Below is just a little information from my small unique book “The small stock trader”:

It is generally believed that about 50 percent of stock price movements are influenced by the market sentiment, about 25 percent by the industry, and only about 25 percent is the result of company-specific news (this percentage is higher with small caps). I am not sure about the exact percentages, but it is definitely true that non-company-specific news has a much more significant impact on stock prices than companyspecific news. One could argue that since about 75 percent of the stock price movement is the result of non-company-specific news, it would be wiser just to focus on the non-company-specific news and ignore the company-specific news.
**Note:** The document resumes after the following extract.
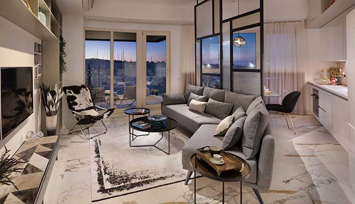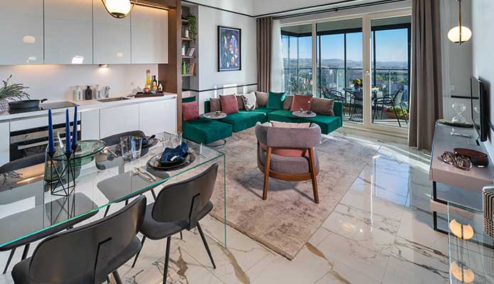 Büyüklükleri 73 ile 215 metrekare arasında değişen ve stüdyodan 4+1’e kadar farklı tip ve kat planlarında 892 konuttan ve benzersiz sosyal donatı alanları ile temalı keyifli yaşam alanlarından meydana gelen Ege Vadisi’nin zarafet ve konforun birleştirilerek tasarlanarak ödüle layık bulunduğu örnek dairesinde sıcak ve yumuşak renkli taş dokunun bej ve uçuk gri tonları, tüm ürün ve renk seçimlerine yansıtıldı. Dairelerin iç tasarımı Ege yaşam biçiminin geniş alan kullanımından ilham alınarak size özel konforlu bir yaşam hazırlandı.

However, it is this company-specific news that you can somehow try to forecast. There may be over 100 different and unpredictable non-companyspecific catalysts that affect stock prices. So, you should focus your research on company-specific news and just scan macro news, especially if you are focusing on a few small caps. Some of the most frequent catalysts that may affect the stock prices of your focus stock are:

• Market sentiment (GDP, inflation, monetary policy, fiscal policy, government regulations, unemployment, consumption, trade balance, other financial and commodity markets, political and international affairs, nuclear and climate change challenges, military wars, currency wars, cyber wars, natural disasters, conflicts in the Middle East, Asia, globalization issues, etc.)

• Industry
• Corporate results
• Profit/loss taking
• Institutional buying/selling
• Analyst ratings
• Dividends
• Insider trading
• Share buybacks
• Promotion
• Shareholder activism
• New management, products, orders, or shareholders
• Reorganizations
• Right issues
• Stock splits
• Inclusion in an index
• Calendar effects

I hope the above little information from my small unique book was a little helpful!